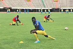 Das allgemeine Aufwärmen soll den Körper insgesamt leistungsfähig machen. Das geschieht durch Übungen, die der Erwärmung der großen Muskelgruppen dienen, zum Beispiel Einlaufen oder Radfahren. Beim Warmlaufen genügen etwa fünf Minuten in zügigem Lauftempo, um das Herz-Kreislauf-System in Schwung zu bringen. Dem folgt üblicherweise eine etwa zehnminütige Kombination aus Dehn- und Kräftigungsübungen (Funktionsgymnastik, Stretching).[2] Zu ausgiebiges Dehnen sollte vermieden werden, da dadurch der Muskeltonus sinkt, was schnelle Kraftentwicklung und Bewegungen erschwert.[3]
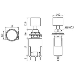 Spínač; Spínací/Prepínací kontakt (NC/NO 3pin) bez aretácie (1poloha); 3A/250VAC; Do panelu; Montáž Ø6.2mm
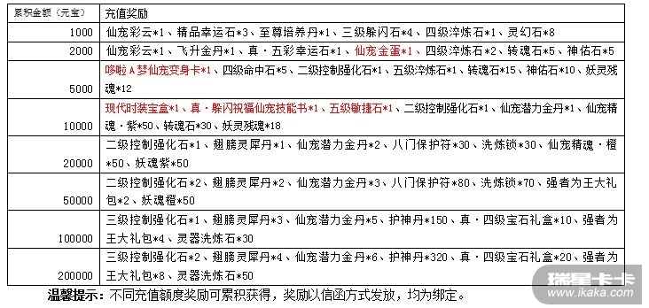 活动期间,累积充值达到指定额度,还可以获得以下超值丰厚的奖励哦!
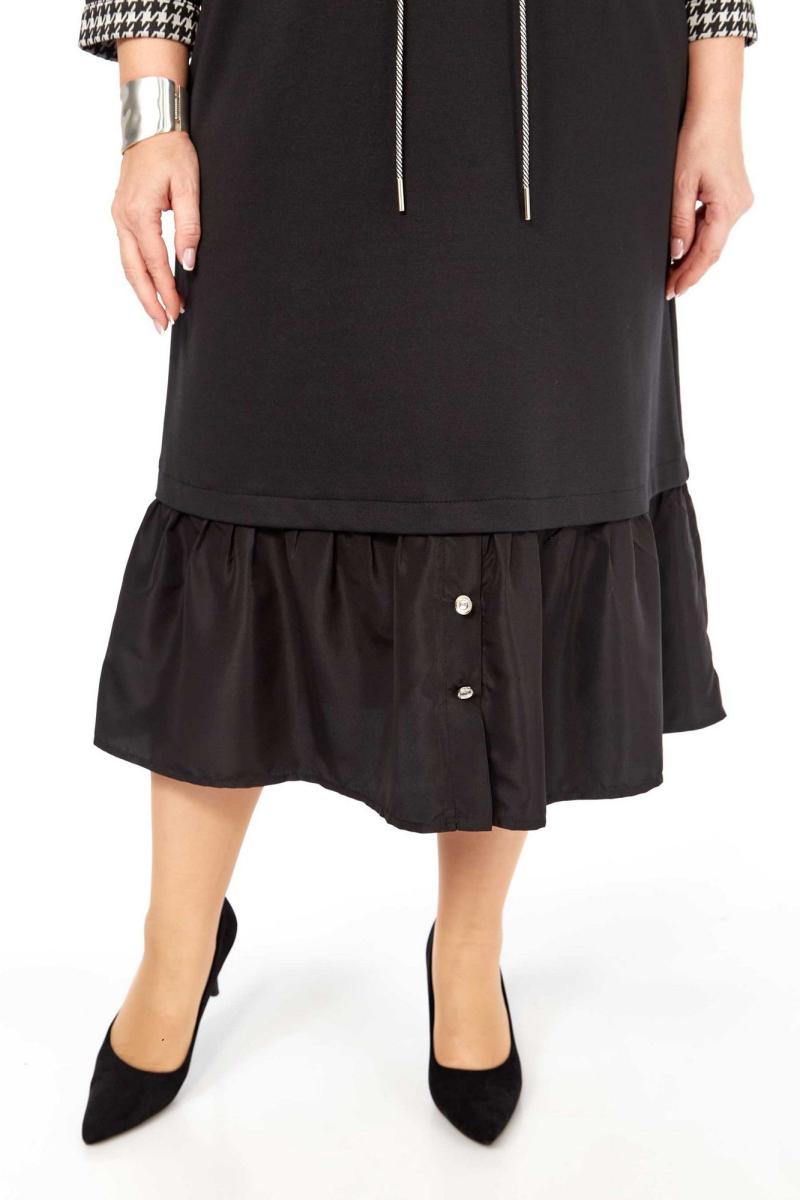 Платье женское полуприлегающего силуэта из трикотажной ткани двух видов: черной и "гусиная лапка". Воротник рубашечного типа. По центру переда планка с застежкой на петли-пуговицы. По переду есть нагрудные вытачки, клапаны и кулиска в области талии. В кулиску втянут декоративный шнурок. По низу платья волан с декоративной застежкой. Рукав втачной с манжетом. Длина изделия 119 (±2) см. Длина рукава 48 (±1) см. Объём груди размер 56 – 116 (±2) см. размер 58 – 120 (±2) см. размер 60 – 124 (±2) см. Объём талии размер 56 – 116 (±2) см. размер 58 – 120 (±2) см. размер 60 – 124 (±2) см. Ширина рукава под проймой размер 56 – 20 (±2) см. размер 58 – 21 (±2) см. размер 60 – 22 (±2) см.
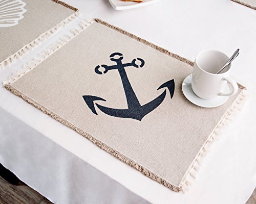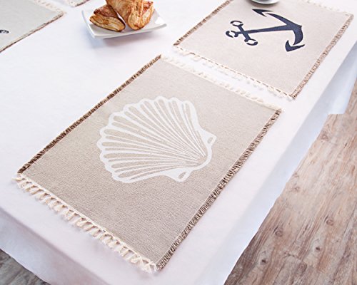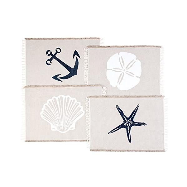 THE MOST BEAUTIFUL DESIGNS: Each some of the four Table Placemats has a unique beach themed coastal decor nautical design. There is one with a blue star and one with an anchor, both of them in a beautiful navy blue color. The other two designs are white and they are a shell and a sand dollar. The edges of the Placemats have elegant, short fringes.
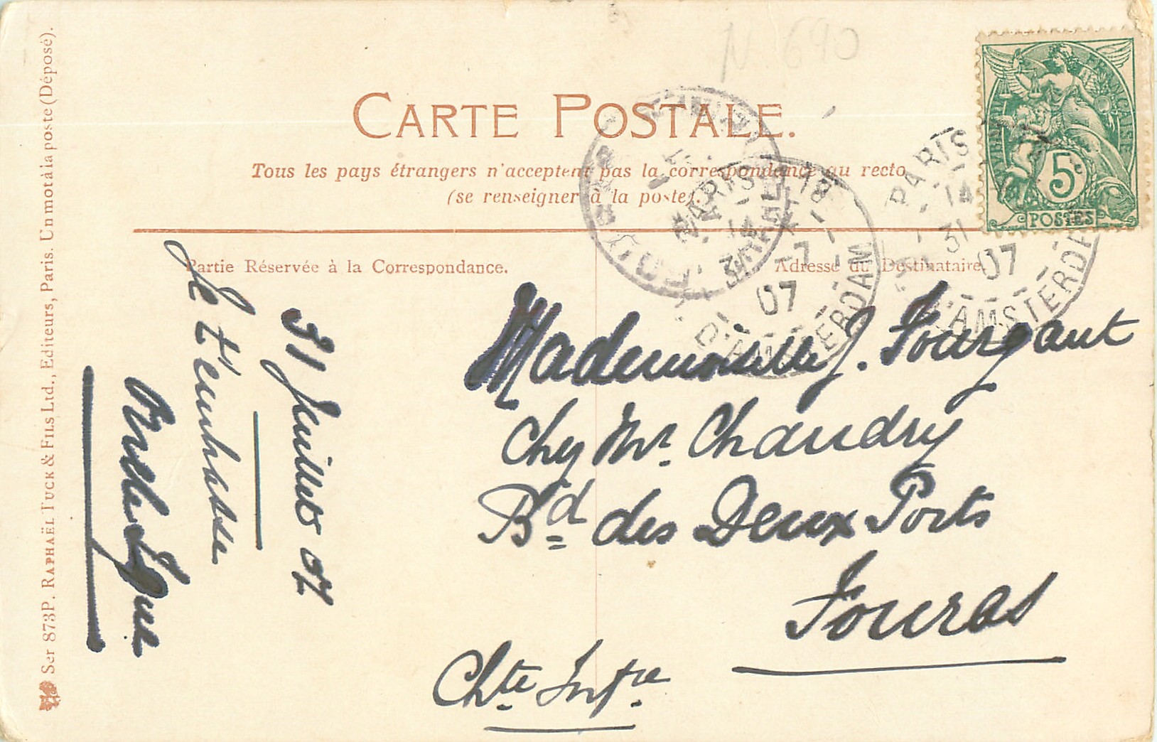 OILETTE (on front), UN MOT A LA POSTE (DEPOSE), suffix P, come with CHICOREE ARLATTE & CIE ad. on back, same image, English back OILETTE 9298 ANCIENT YOUNGSTERS
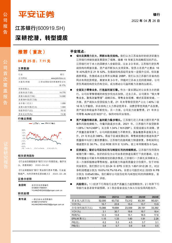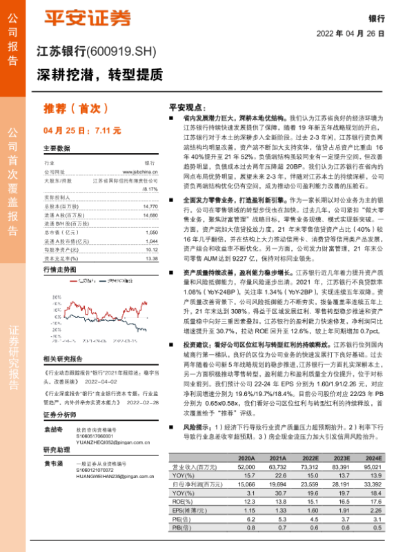 【平安证券】【20220426】江苏银行-600919.SH-深耕挖潜,转型提质-25页
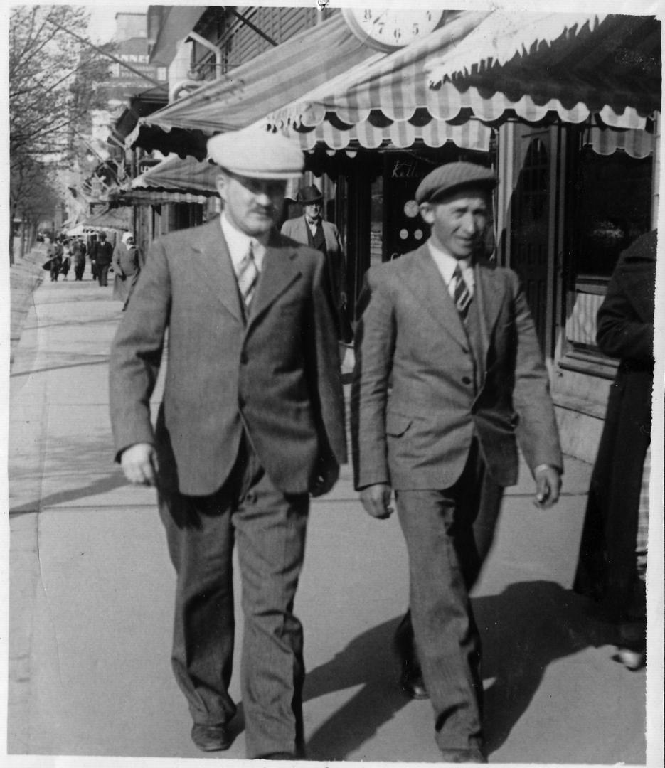 Hanhijoen Mäkelän tilan omistaja Toivo Piironen (vas) Viipurissa Torkkelin kadulla tilan pehtoorin Eino Nevalaisen kanssa. Viipuri 1939 (Ilmari Piironen)
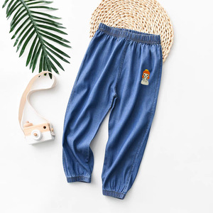子供用防蚊ズボン夏の薄い女の子の灯籠ズボンのシルク綿の中の子供のゆったりとしたカジュアルな男の子のデニムのズボン
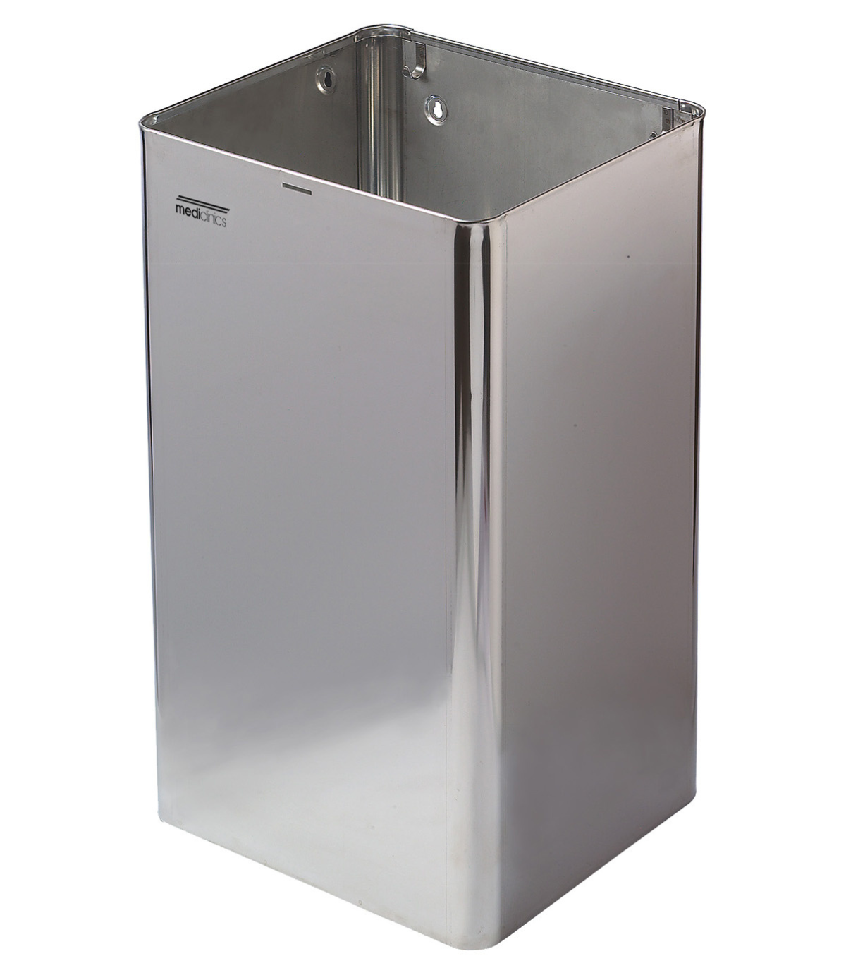 • 无盖废物容器,容量65L,一件式制造,完全密封。通过设备背面钻的 2 个槽孔安装在地板或墙上。
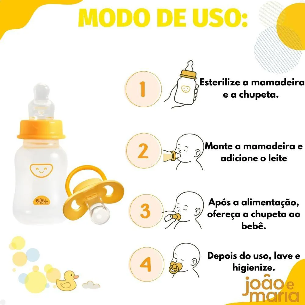 Kit Cimed João e Maria 0-6 Meses: Mamadeira Fluxo Lento 120ml e chupeta Com Capa Protetora Tamanho 1
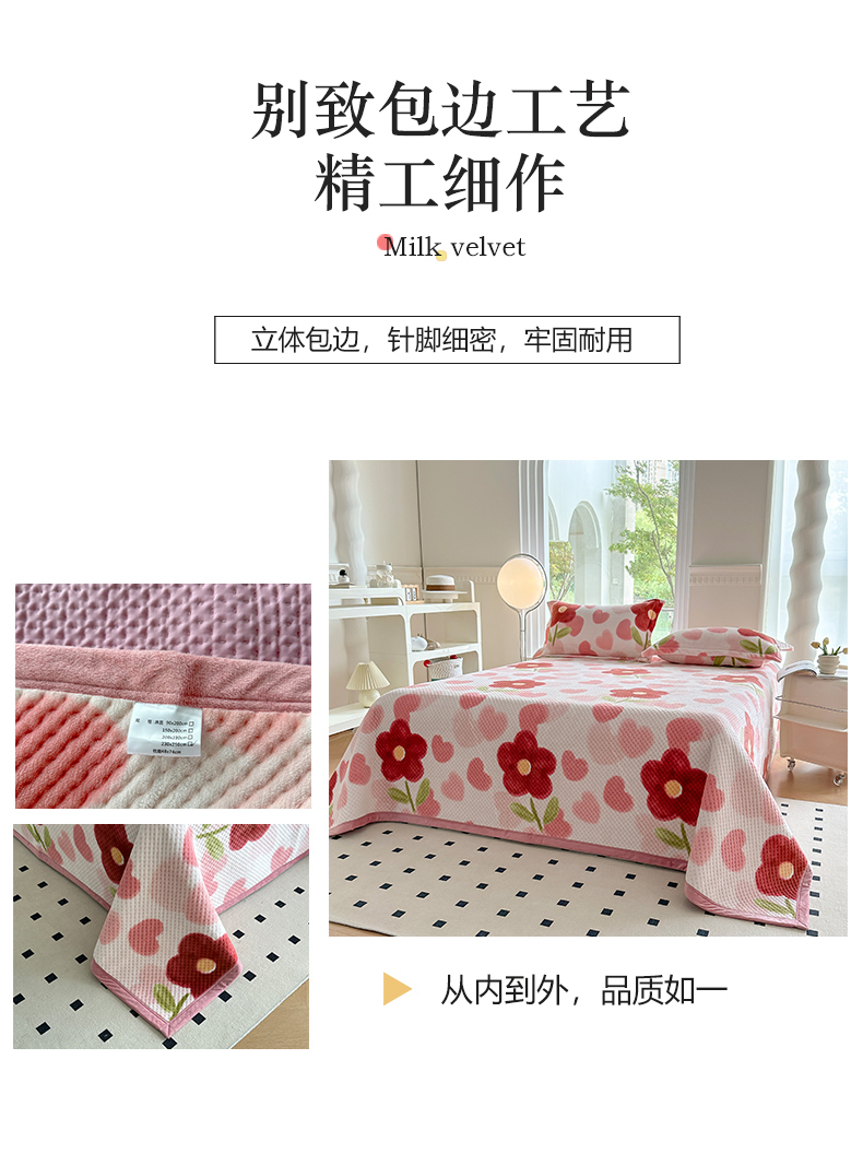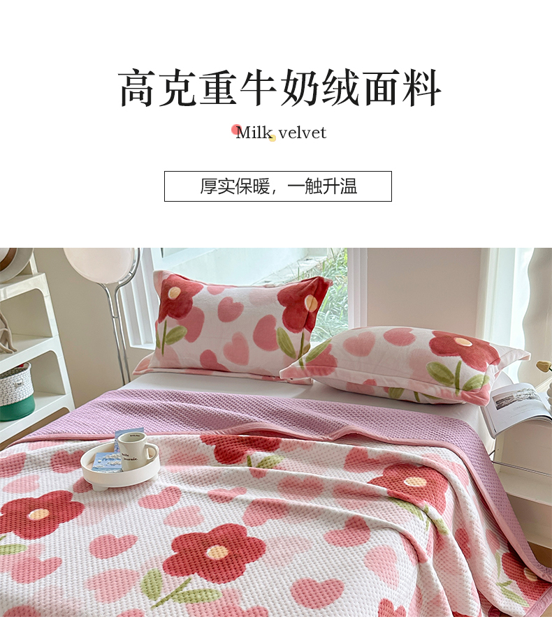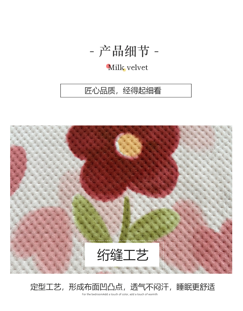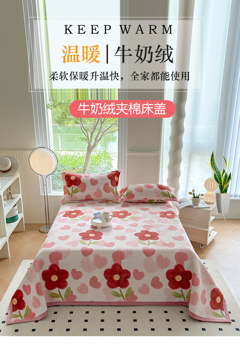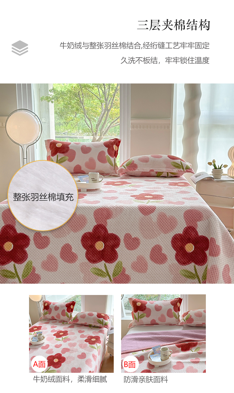 • 91家纺网 家纺一手货源 找家纺 胜权 2024款高克重牛奶绒夹棉单床盖单件保暖床盖三件套 浅浅花香
::::::::
_What to work on_:
Both the line above containing "Spínač; Spínací/Prepínací kontakt" and the line containing "Платье женское полуприлегающего" belong in the copy, along with every line between them; print these exactly and omit the pictures.

_Solution_:
 Spínač; Spínací/Prepínací kontakt (NC/NO 3pin) bez aretácie (1poloha); 3A/250VAC; Do panelu; Montáž Ø6.2mm
 活动期间,累积充值达到指定额度,还可以获得以下超值丰厚的奖励哦!
 Платье женское полуприлегающего силуэта из трикотажной ткани двух видов: черной и "гусиная лапка". Воротник рубашечного типа. По центру переда планка с застежкой на петли-пуговицы. По переду есть нагрудные вытачки, клапаны и кулиска в области талии. В кулиску втянут декоративный шнурок. По низу платья волан с декоративной застежкой. Рукав втачной с манжетом. Длина изделия 119 (±2) см. Длина рукава 48 (±1) см. Объём груди размер 56 – 116 (±2) см. размер 58 – 120 (±2) см. размер 60 – 124 (±2) см. Объём талии размер 56 – 116 (±2) см. размер 58 – 120 (±2) см. размер 60 – 124 (±2) см. Ширина рукава под проймой размер 56 – 20 (±2) см. размер 58 – 21 (±2) см. размер 60 – 22 (±2) см.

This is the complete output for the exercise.